## Records for this exercise
++++++++

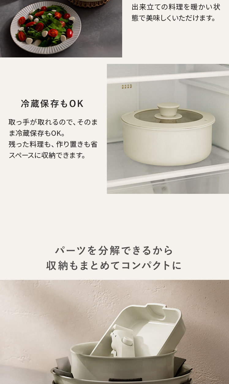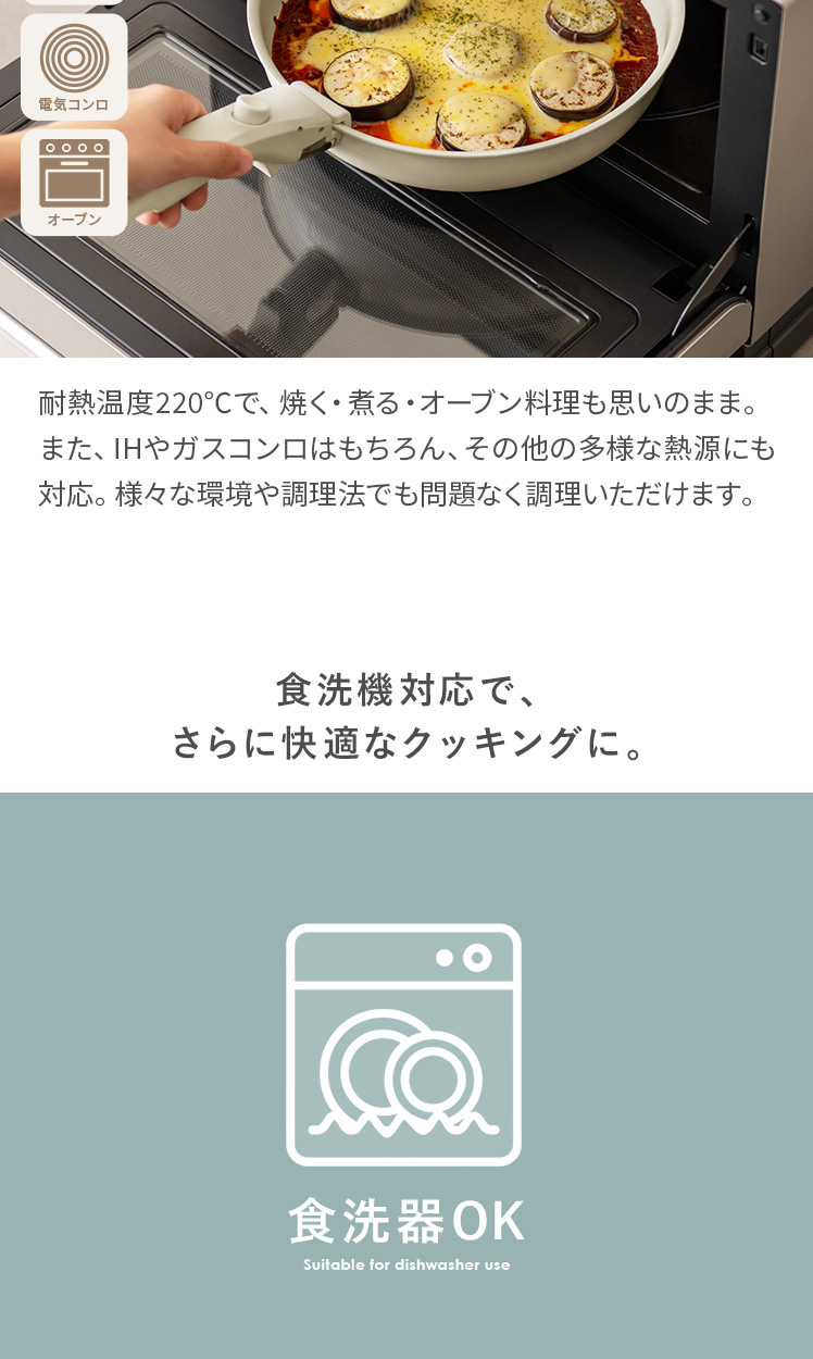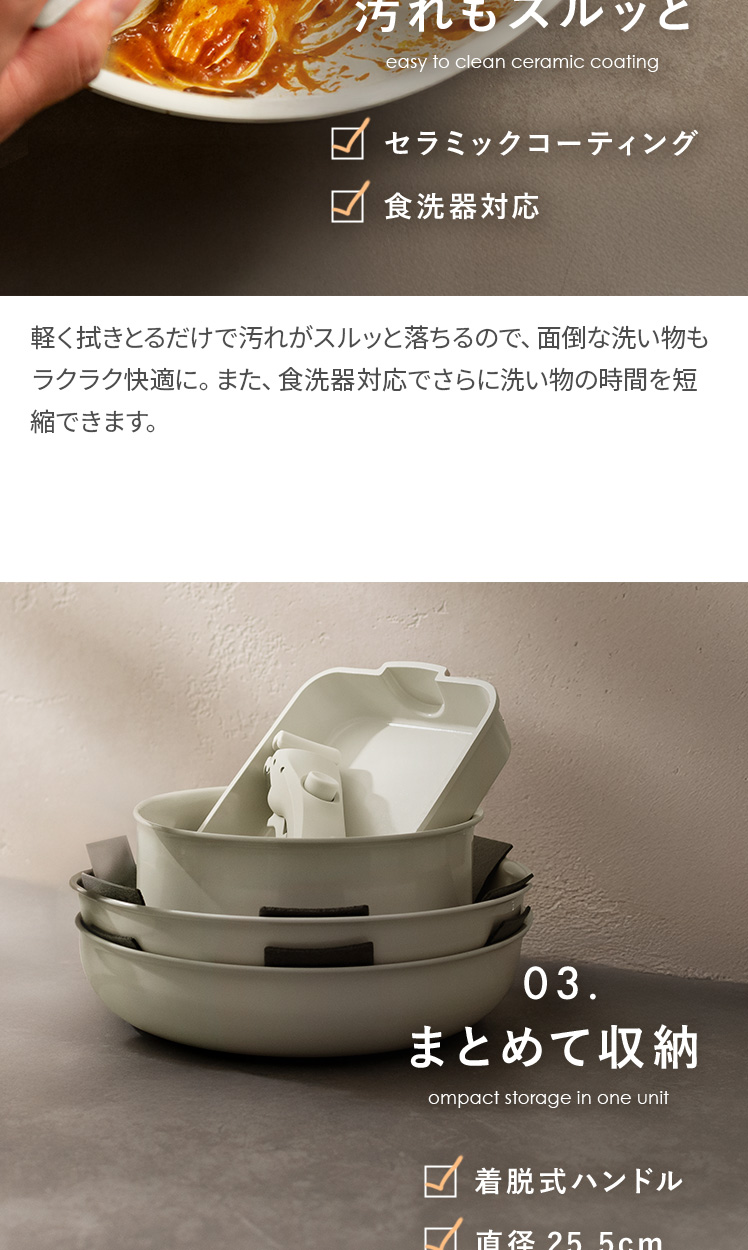 IH対応 ガス火対応 PFOAフリー ナノ無機セラミックコーティング 食洗器OK 脱着式ハンドル 軽量
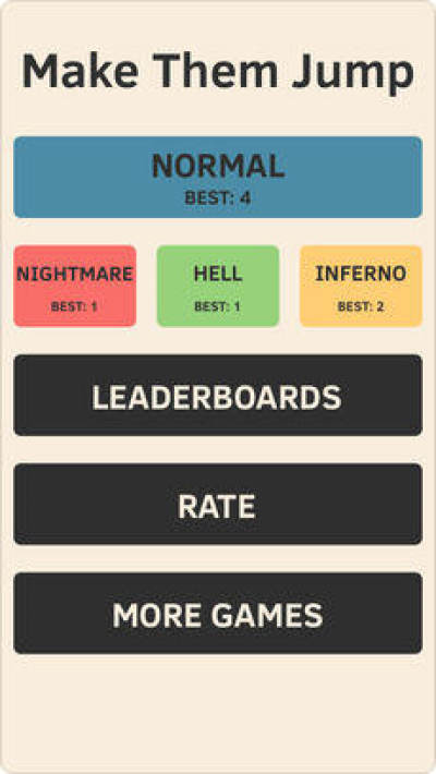 Make them Jumpios版是一款休闲娱乐类的手机游戏,该游戏由Ketchapp打造,其虐心程度简直到了一定的地步,不过游戏中有四种模式可以选择,玩家可以根据自己的能力水平来进行选择。。。
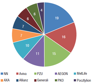 In 2002 in Poland, there were 17 OFEs in operation. In the following years, one could observe a decrease in their number – in 2004: 15, 2008: 14, 2014: 12, and in 2018: 10. In the period under scrutiny, there were changes in the ownership structure (takeovers, mergers), which led to changes in open pension funds’ names. In 2018 the following OFEs were in operation: Nationale-Nederlanden OFE (NN), Generali OFE (Generali), PKO BP Bankowy OFE (PKO), OFE PZU “Złota Jesień” (PZU), Aviva OFE Aviva Santander (Aviva), AEGON OFE (Aegon), AXA OFE (AXA), Allianz Polska OFE (Allianz), MetLife OFE (MetLife), OFE Pocztylion (Pocztylion).
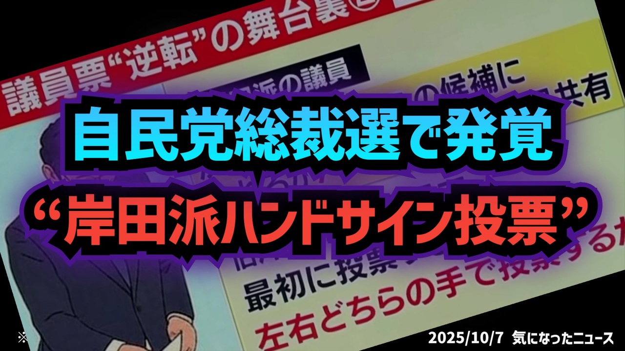 【自民党総裁選で組織票!?】◆岸田派ハンドサインで投票発覚 メディアが報じる<br><br>ハンドサインで投票?<br><br>あらすじ<br>かつて政権を守ってきたメディアが、いまやその裏側を暴き始めています。<br> 報じられたのは、旧岸田派が決選投票の際、右手か左手かで投票先を示し合っていたという“ハンドサイン選挙”の実態。<br> 派閥解消を掲げながら、裏では派閥の力で動くという二重構造。<br> 結果、流れを変えたのは岸田派の一部離脱。<br> そして高市早苗氏が新総裁に就任。<br> メディアが沈黙を破り、政権の裏の動きを報じるようになった今、<br> 政治の抑止力としての「報道の本来の姿」が問われています。<br><br>◆今回の台本(詳細)<a href="https://keiichiro8140.hatenablog.com/entry/25100777111" target="_blank" rel="noopener nofollow">https://keiichiro8140.hatenablog.com/entry/25100777111</a><br><br>◆もしも(BAN)の時のためのマイリンク集<a href="https://lit.link/K16_888" target="_blank" rel="noopener nofollow">https://lit.link/K16_888</a><br><br>◆YouTubeチャンネル登録よろしくお願いします🙏 <a href="https://www.youtube.com/@K16news888" target="_blank" rel="noopener nofollow">https://www.youtube.com/@K16news888</a><br><br>ご覧いただきありがとうございます<br>m(_ _)m<br>気になったニュース 2025/10/07<br><br />著作権、肖像権に配慮して作成しております。<br><br>◆気になったニュースの台本!?<br>メモ代わりに作った台本をそのままあげてます<br><a href="https://keiichiro8140.hatenablog.com/." target="_blank" rel="noopener nofollow">https://keiichiro8140.hatenablog.com/.</a><br><br><br>ここからはシリーズ紹介<br><br><br>◆ ワクチン解毒・デトックス<br><a href="https://x.gd/fZweg" target="_blank" rel="noopener nofollow">https://x.gd/fZweg</a><br><br>◆ウイリアム・マキス博士のがん治療(イベルメクチン・フェンベンダゾール等)<br><a href="https://x.gd/AtFYS" target="_blank" rel="noopener nofollow">https://x.gd/AtFYS</a><br><br>◆予防接種健康被害救済制度<br><a href="https://x.gd/0xK9x" target="_blank" rel="noopener nofollow">https://x.gd/0xK9x</a><br><br>◆気になったニュース #1501~<br><br>◆ 【ショートver】気になったニュース<br><a href="https://x.gd/7MxXC" target="_blank" rel="noopener nofollow">https://x.gd/7MxXC</a><br><br>◆ 気になったニュース #1001~<br><a href="https://x.gd/Lp8gv" target="_blank" rel="noopener nofollow">https://x.gd/Lp8gv</a><br><br>◆ 気になったニュース #501~<br><a href="https://x.gd/EmbS4" target="_blank" rel="noopener nofollow">https://x.gd/EmbS4</a><br><br>◆ 気になったニュース #1~#500<br><a href="https://x.gd/uPhNb" target="_blank" rel="noopener nofollow">https://x.gd/uPhNb</a><br><br>◆ X(旧Twitter)・テレグラムで気になった情報<br><a href="https://x.gd/YG6FT" target="_blank" rel="noopener nofollow">https://x.gd/YG6FT</a><br><br>◆ 日比谷5万人パレードデ⚪生放送アーカイブ動画<br><a href="https://x.gd/3CHJv" target="_blank" rel="noopener nofollow">https://x.gd/3CHJv</a><br><br>◆日比谷5万人パレード⚪モのマイリスト作ってみました<br><a href="https://nico.ms/mylist/76828848?ref=sp_other" target="_blank" rel="noopener nofollow">https://nico.ms/mylist/76828848?ref=sp_other</a><br><br>◆3.30 令和の百姓⚪⚪<br><a href="https://www.nicovideo.jp/series/511791?ref=garage_share_other" target="_blank" rel="noopener nofollow">https://www.nicovideo.jp/series/511791?ref=garage_share_other</a><br><br>◆ 及川幸久さんの【XNEWS】シリーズ<br><a href="https://x.gd/3k78K" target="_blank" rel="noopener nofollow">https://x.gd/3k78K</a><br><br>◆これまでの動画<a href="https://x.gd/sPXoJ" target="_blank" rel="noopener nofollow">https://x.gd/sPXoJ</a><br><br>◆もしも(BAN)の時のためのマイリンク集<a href="https://lit.link/K-16_News44" target="_blank" rel="noopener nofollow">https://lit.link/K-16_News44</a><br><br>
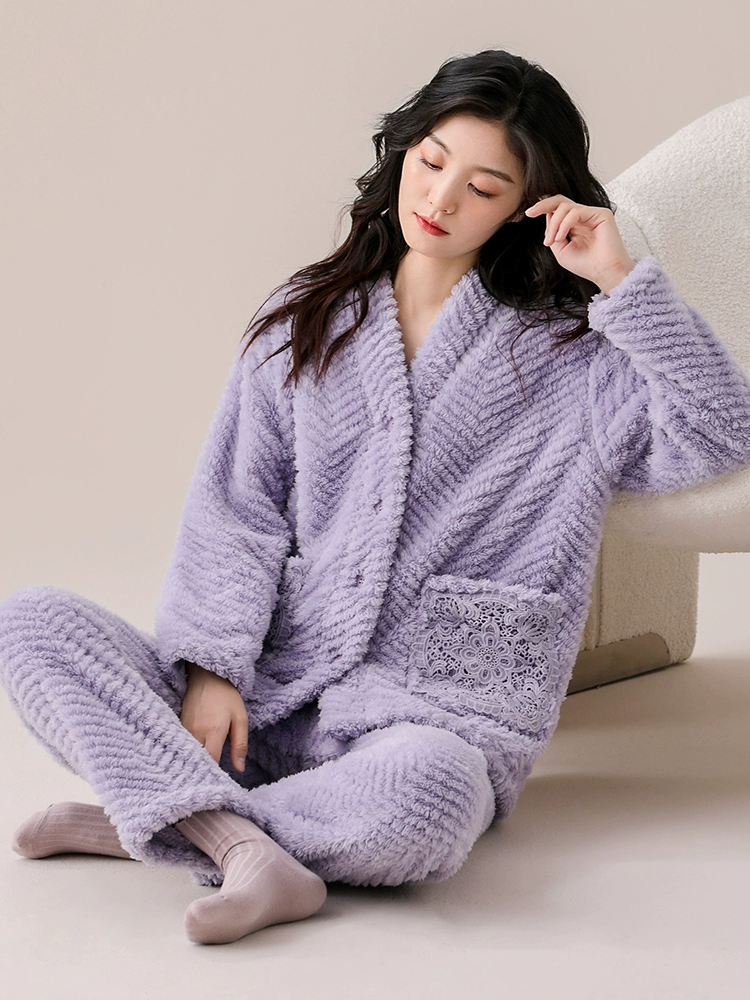 Women’s pajamas autumn and winter thickened velvet coral velvet suit can be worn outside large size autumn and winter flannel home clothes
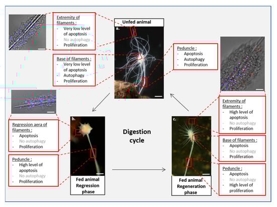 Regulation of apoptosis, autophagy, and proliferation during a feeding cycle in L. hypogea. In unfed animals, proliferation is observed in all parts of the sponge. Apoptosis is mainly present in the peduncle. Autophagy occurs in the peduncle and at the base of filaments (a). During the regression phase after feeding, autophagy is inhibited in regressing filaments, and the peduncle undergoes high levels of apoptosis. Proliferation is still present (b). The regeneration phase is associated with a moderate level of cell proliferation in filaments and a high level of proliferation in the peduncle. No autophagy is observed. Apoptosis is present everywhere but with higher rates at the tip of the filaments and in the peduncle. (c). Examples of immunofluorescent labeling obtained at the end of the filaments are presented together with phase images showing the silica filaments. The sponges were fixed for 30 min with 4% paraformaldehyde in filtered seawater and then permeabilized for 20 min at room temperature with 0.2% Triton X-100 in TS buffer (150 mM NaCl, 25 mM Tris, and pH 7.5). Fixed and permeabilized sponges were labeled with DAPI (Euromedex, 1050A) and TUNEL (Merck, In Situ Cell Death Rhodamine Detection Kit, 12,156,792,910) as previously described []. The blue labeling corresponds to a DAPI labeling of nuclei. Red labeling corresponds to TUNEL-positive nuclei. Scale bar: 3 mm (stereoscopic microscope Nikon SMZ-2B images) and 150 μm (confocal microscope Leica TCS-SPE images).
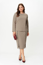 Комплект брючный 3-х предметный состоит из жилета, брюк и джемпера. Жилет из костюмно-плательной ткани прямого силуэта. Горловина V-образной формы. По переду фигурные кокетки, рельефные швы.  Застежка центрально — бортовая на петли и пуговицы. Спинка разрезная с кокеткой. По боковым швам разрезы. На плечевых швах паты с пуговицей. Брюки средней посадки, заужены к низу. По переду боковые карманы с подрезным бочком. По задним деталям накладные карманы. Пояс в 58-62 размере частично на резинке. Джемпер из трикотажного полотна. Рукав спущенный. По переду печать.
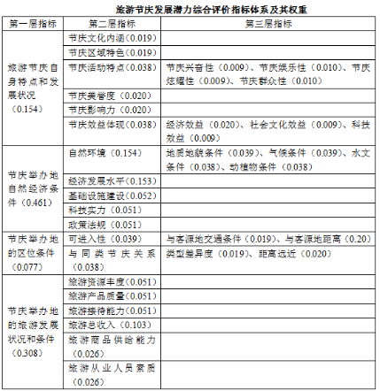 旅遊節慶發(fā)展潛力綜合評價(jià)指标體系及其權重
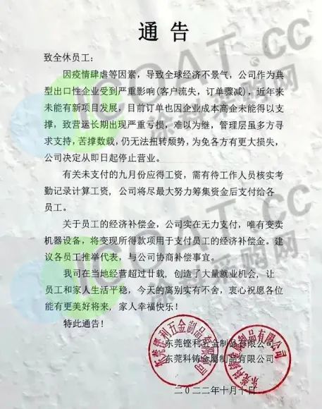 東莞鏗利五金制品有限公司:目前企業(yè)訂單因成本高企未能得以支撐,致?tīng)I(yíng)運(yùn)長(zhǎng)期出現(xiàn)嚴(yán)重虧損,難以為繼,決定從即日(10月10日)起停止?fàn)I業(yè)。
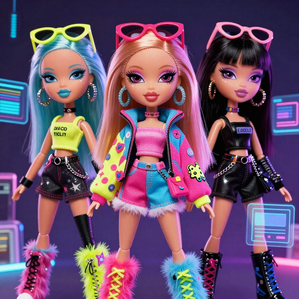 Photograph of three colorful Barbie dolls in neon outfits, each with unique accessories (sunglasses, earrings, boots), standing in a futuristic neon-l
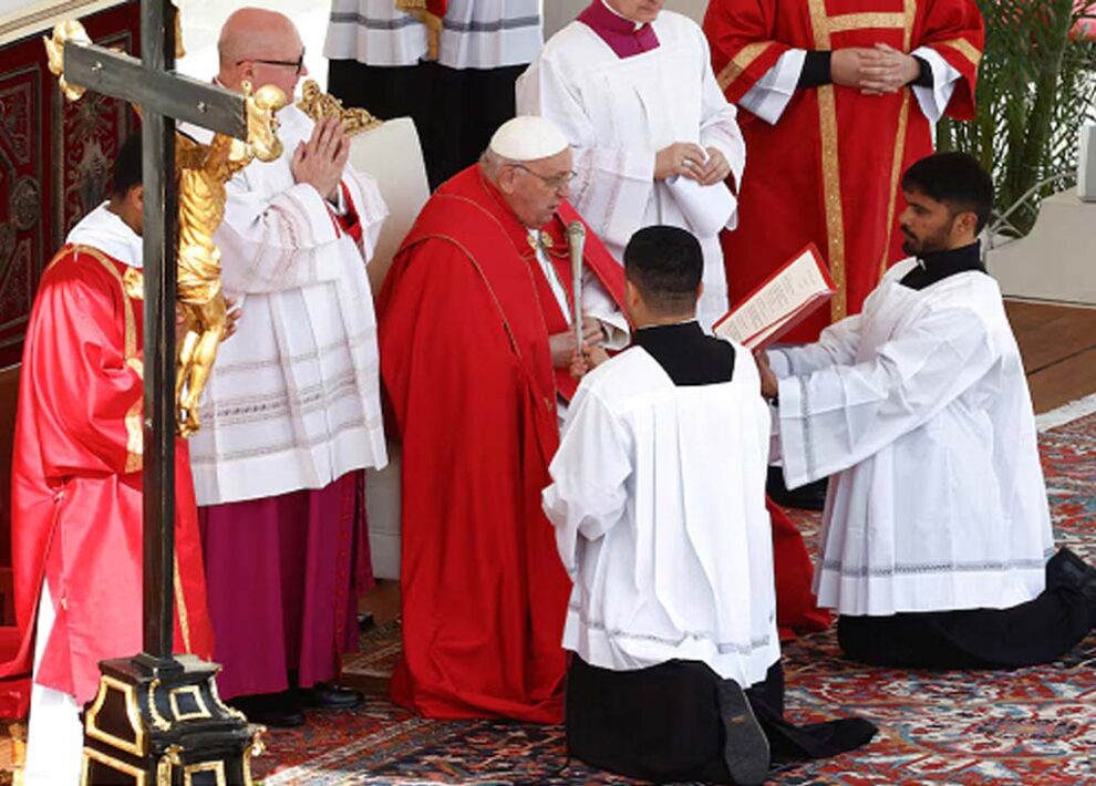 March 24, 2024 : Pope Francis para last minute tey tai laga homily puriboley thaka toh skip kuri dishey, ekta Palm Sunday Mass laga homoi tey, dush azar para bhi bishi manu khan nimitey, St. Peter’s Square tey, hoiley bhi itu service tey preside kuri thakishey, tai laga noon prathana kurishey aru itu crowd phaney laga aas paas tey ghurai jaishey, ekta popemobile tey.
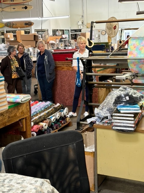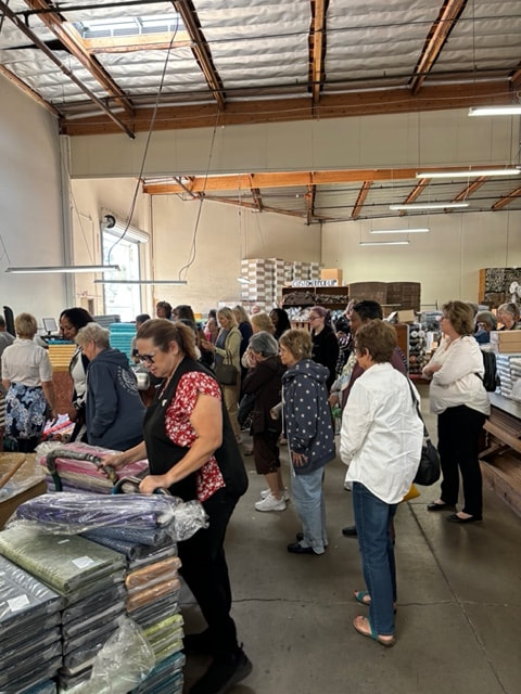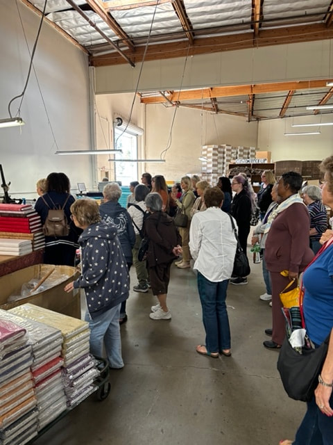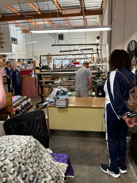 Twenty-nine (29) members of the SBQG and African American Quilters Guild of LA (AAQGLA) had a WONDERFUL trip to Hoffman Fabrics. We learned so much about their 100 year history and the manufacturing of batiks from our host Jean. Hoffman provided each guest with a wonderful hostess gift and had a sale table of kits and precuts for purchase. Many of us went on to Quilt Passions where many of us bought even more batiks and patterns. And some of us even went onto M&L where we bought even more fabric (you can never have enough fabric!) It was a great time for all!

++++++++

## Work item
In the data above, find the line containing "旅遊節慶發(fā)展潛力綜合評價(jià)指标體系及其權重" and the line containing "March 24, 2024". Repeat those two lines and everything between them exactly, minus the pictures.

## Response to this task
 旅遊節慶發(fā)展潛力綜合評價(jià)指标體系及其權重
 東莞鏗利五金制品有限公司:目前企業(yè)訂單因成本高企未能得以支撐,致?tīng)I(yíng)運(yùn)長(zhǎng)期出現(xiàn)嚴(yán)重虧損,難以為繼,決定從即日(10月10日)起停止?fàn)I業(yè)。
 Photograph of three colorful Barbie dolls in neon outfits, each with unique accessories (sunglasses, earrings, boots), standing in a futuristic neon-l
 March 24, 2024 : Pope Francis para last minute tey tai laga homily puriboley thaka toh skip kuri dishey, ekta Palm Sunday Mass laga homoi tey, dush azar para bhi bishi manu khan nimitey, St. Peter’s Square tey, hoiley bhi itu service tey preside kuri thakishey, tai laga noon prathana kurishey aru itu crowd phaney laga aas paas tey ghurai jaishey, ekta popemobile tey.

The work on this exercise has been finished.